[WHAT IS REQUIRED]
Every line of the material is to be set down again without any change.

[SUPPLIED INFORMATION]
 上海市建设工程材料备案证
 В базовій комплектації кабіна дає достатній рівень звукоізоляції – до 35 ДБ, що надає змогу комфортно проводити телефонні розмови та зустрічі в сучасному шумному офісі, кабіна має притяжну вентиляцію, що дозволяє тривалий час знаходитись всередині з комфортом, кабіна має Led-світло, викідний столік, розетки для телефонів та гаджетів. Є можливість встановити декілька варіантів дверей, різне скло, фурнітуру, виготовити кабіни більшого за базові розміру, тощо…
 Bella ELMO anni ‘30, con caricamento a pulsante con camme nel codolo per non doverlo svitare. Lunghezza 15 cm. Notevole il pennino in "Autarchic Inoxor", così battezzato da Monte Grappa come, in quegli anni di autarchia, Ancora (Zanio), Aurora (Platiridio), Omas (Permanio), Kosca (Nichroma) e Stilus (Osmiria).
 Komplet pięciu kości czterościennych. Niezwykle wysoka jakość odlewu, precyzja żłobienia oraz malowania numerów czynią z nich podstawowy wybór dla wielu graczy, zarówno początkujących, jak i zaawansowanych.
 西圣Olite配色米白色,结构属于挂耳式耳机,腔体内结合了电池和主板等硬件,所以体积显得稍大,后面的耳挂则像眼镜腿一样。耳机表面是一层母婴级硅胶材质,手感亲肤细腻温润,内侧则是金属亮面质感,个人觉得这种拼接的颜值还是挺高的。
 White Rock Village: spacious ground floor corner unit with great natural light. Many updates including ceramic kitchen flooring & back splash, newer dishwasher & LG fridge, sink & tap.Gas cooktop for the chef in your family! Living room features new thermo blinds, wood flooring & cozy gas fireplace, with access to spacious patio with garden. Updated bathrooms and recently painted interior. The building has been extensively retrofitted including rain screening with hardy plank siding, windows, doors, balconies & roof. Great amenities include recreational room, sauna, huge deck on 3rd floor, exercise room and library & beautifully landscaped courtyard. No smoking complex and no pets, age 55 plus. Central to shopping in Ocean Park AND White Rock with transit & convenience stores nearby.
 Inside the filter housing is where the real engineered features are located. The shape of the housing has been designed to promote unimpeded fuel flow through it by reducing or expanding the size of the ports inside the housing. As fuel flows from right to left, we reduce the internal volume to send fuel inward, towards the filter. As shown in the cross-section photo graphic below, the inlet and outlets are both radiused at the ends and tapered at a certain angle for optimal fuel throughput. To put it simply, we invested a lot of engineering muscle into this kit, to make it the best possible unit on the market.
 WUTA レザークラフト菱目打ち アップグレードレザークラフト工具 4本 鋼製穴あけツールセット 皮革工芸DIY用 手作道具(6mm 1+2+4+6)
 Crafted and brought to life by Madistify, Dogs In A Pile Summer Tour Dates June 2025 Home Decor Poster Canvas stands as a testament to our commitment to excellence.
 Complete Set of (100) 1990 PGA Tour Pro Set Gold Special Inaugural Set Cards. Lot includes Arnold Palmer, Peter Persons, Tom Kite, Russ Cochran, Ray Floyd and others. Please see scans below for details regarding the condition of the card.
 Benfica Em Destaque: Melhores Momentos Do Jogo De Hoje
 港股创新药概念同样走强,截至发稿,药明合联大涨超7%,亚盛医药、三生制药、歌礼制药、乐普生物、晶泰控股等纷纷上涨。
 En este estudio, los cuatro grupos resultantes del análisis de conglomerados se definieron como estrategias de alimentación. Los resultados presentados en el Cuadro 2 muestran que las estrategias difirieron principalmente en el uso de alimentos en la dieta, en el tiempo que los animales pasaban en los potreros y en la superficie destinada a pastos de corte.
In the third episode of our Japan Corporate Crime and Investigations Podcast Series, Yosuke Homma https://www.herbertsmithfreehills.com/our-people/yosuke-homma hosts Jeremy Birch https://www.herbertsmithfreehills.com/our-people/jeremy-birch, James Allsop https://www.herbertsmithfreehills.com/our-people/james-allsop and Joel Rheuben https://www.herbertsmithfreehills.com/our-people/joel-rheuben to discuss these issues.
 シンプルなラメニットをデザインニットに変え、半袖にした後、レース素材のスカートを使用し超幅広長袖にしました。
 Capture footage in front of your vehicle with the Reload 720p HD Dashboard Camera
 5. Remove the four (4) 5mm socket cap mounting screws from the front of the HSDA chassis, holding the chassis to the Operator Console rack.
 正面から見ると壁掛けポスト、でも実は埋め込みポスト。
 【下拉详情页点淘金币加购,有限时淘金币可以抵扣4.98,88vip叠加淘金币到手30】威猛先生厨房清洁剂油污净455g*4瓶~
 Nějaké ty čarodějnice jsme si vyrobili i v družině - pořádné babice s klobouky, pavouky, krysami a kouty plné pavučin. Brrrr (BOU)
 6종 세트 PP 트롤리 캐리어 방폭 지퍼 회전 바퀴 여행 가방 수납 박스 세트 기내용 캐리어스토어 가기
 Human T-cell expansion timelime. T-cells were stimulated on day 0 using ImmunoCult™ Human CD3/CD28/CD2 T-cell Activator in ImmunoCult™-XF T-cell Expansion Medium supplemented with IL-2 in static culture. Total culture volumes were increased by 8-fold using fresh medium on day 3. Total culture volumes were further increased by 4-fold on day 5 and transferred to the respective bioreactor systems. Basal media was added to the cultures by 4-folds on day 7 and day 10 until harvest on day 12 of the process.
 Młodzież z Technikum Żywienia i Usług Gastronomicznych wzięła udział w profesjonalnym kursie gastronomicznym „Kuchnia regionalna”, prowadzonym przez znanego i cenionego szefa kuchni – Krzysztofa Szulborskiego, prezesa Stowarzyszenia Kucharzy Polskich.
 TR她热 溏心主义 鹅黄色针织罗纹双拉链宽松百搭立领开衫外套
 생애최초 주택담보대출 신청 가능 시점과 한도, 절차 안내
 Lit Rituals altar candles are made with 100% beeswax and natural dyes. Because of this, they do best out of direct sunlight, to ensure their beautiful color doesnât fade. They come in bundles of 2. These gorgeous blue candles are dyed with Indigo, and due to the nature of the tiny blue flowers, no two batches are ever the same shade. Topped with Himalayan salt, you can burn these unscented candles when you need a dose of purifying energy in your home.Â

[SOLUTION FOR THIS TASK]
 上海市建设工程材料备案证
 В базовій комплектації кабіна дає достатній рівень звукоізоляції – до 35 ДБ, що надає змогу комфортно проводити телефонні розмови та зустрічі в сучасному шумному офісі, кабіна має притяжну вентиляцію, що дозволяє тривалий час знаходитись всередині з комфортом, кабіна має Led-світло, викідний столік, розетки для телефонів та гаджетів. Є можливість встановити декілька варіантів дверей, різне скло, фурнітуру, виготовити кабіни більшого за базові розміру, тощо…
 Bella ELMO anni ‘30, con caricamento a pulsante con camme nel codolo per non doverlo svitare. Lunghezza 15 cm. Notevole il pennino in "Autarchic Inoxor", così battezzato da Monte Grappa come, in quegli anni di autarchia, Ancora (Zanio), Aurora (Platiridio), Omas (Permanio), Kosca (Nichroma) e Stilus (Osmiria).
 Komplet pięciu kości czterościennych. Niezwykle wysoka jakość odlewu, precyzja żłobienia oraz malowania numerów czynią z nich podstawowy wybór dla wielu graczy, zarówno początkujących, jak i zaawansowanych.
 西圣Olite配色米白色,结构属于挂耳式耳机,腔体内结合了电池和主板等硬件,所以体积显得稍大,后面的耳挂则像眼镜腿一样。耳机表面是一层母婴级硅胶材质,手感亲肤细腻温润,内侧则是金属亮面质感,个人觉得这种拼接的颜值还是挺高的。
 White Rock Village: spacious ground floor corner unit with great natural light. Many updates including ceramic kitchen flooring & back splash, newer dishwasher & LG fridge, sink & tap.Gas cooktop for the chef in your family! Living room features new thermo blinds, wood flooring & cozy gas fireplace, with access to spacious patio with garden. Updated bathrooms and recently painted interior. The building has been extensively retrofitted including rain screening with hardy plank siding, windows, doors, balconies & roof. Great amenities include recreational room, sauna, huge deck on 3rd floor, exercise room and library & beautifully landscaped courtyard. No smoking complex and no pets, age 55 plus. Central to shopping in Ocean Park AND White Rock with transit & convenience stores nearby.
 Inside the filter housing is where the real engineered features are located. The shape of the housing has been designed to promote unimpeded fuel flow through it by reducing or expanding the size of the ports inside the housing. As fuel flows from right to left, we reduce the internal volume to send fuel inward, towards the filter. As shown in the cross-section photo graphic below, the inlet and outlets are both radiused at the ends and tapered at a certain angle for optimal fuel throughput. To put it simply, we invested a lot of engineering muscle into this kit, to make it the best possible unit on the market.
 WUTA レザークラフト菱目打ち アップグレードレザークラフト工具 4本 鋼製穴あけツールセット 皮革工芸DIY用 手作道具(6mm 1+2+4+6)
 Crafted and brought to life by Madistify, Dogs In A Pile Summer Tour Dates June 2025 Home Decor Poster Canvas stands as a testament to our commitment to excellence.
 Complete Set of (100) 1990 PGA Tour Pro Set Gold Special Inaugural Set Cards. Lot includes Arnold Palmer, Peter Persons, Tom Kite, Russ Cochran, Ray Floyd and others. Please see scans below for details regarding the condition of the card.
 Benfica Em Destaque: Melhores Momentos Do Jogo De Hoje
 港股创新药概念同样走强,截至发稿,药明合联大涨超7%,亚盛医药、三生制药、歌礼制药、乐普生物、晶泰控股等纷纷上涨。
 En este estudio, los cuatro grupos resultantes del análisis de conglomerados se definieron como estrategias de alimentación. Los resultados presentados en el Cuadro 2 muestran que las estrategias difirieron principalmente en el uso de alimentos en la dieta, en el tiempo que los animales pasaban en los potreros y en la superficie destinada a pastos de corte.
In the third episode of our Japan Corporate Crime and Investigations Podcast Series, Yosuke Homma https://www.herbertsmithfreehills.com/our-people/yosuke-homma hosts Jeremy Birch https://www.herbertsmithfreehills.com/our-people/jeremy-birch, James Allsop https://www.herbertsmithfreehills.com/our-people/james-allsop and Joel Rheuben https://www.herbertsmithfreehills.com/our-people/joel-rheuben to discuss these issues.
 シンプルなラメニットをデザインニットに変え、半袖にした後、レース素材のスカートを使用し超幅広長袖にしました。
 Capture footage in front of your vehicle with the Reload 720p HD Dashboard Camera
 5. Remove the four (4) 5mm socket cap mounting screws from the front of the HSDA chassis, holding the chassis to the Operator Console rack.
 正面から見ると壁掛けポスト、でも実は埋め込みポスト。
 【下拉详情页点淘金币加购,有限时淘金币可以抵扣4.98,88vip叠加淘金币到手30】威猛先生厨房清洁剂油污净455g*4瓶~
 Nějaké ty čarodějnice jsme si vyrobili i v družině - pořádné babice s klobouky, pavouky, krysami a kouty plné pavučin. Brrrr (BOU)
 6종 세트 PP 트롤리 캐리어 방폭 지퍼 회전 바퀴 여행 가방 수납 박스 세트 기내용 캐리어스토어 가기
 Human T-cell expansion timelime. T-cells were stimulated on day 0 using ImmunoCult™ Human CD3/CD28/CD2 T-cell Activator in ImmunoCult™-XF T-cell Expansion Medium supplemented with IL-2 in static culture. Total culture volumes were increased by 8-fold using fresh medium on day 3. Total culture volumes were further increased by 4-fold on day 5 and transferred to the respective bioreactor systems. Basal media was added to the cultures by 4-folds on day 7 and day 10 until harvest on day 12 of the process.
 Młodzież z Technikum Żywienia i Usług Gastronomicznych wzięła udział w profesjonalnym kursie gastronomicznym „Kuchnia regionalna”, prowadzonym przez znanego i cenionego szefa kuchni – Krzysztofa Szulborskiego, prezesa Stowarzyszenia Kucharzy Polskich.
 TR她热 溏心主义 鹅黄色针织罗纹双拉链宽松百搭立领开衫外套
 생애최초 주택담보대출 신청 가능 시점과 한도, 절차 안내
 Lit Rituals altar candles are made with 100% beeswax and natural dyes. Because of this, they do best out of direct sunlight, to ensure their beautiful color doesnât fade. They come in bundles of 2. These gorgeous blue candles are dyed with Indigo, and due to the nature of the tiny blue flowers, no two batches are ever the same shade. Topped with Himalayan salt, you can burn these unscented candles when you need a dose of purifying energy in your home.Â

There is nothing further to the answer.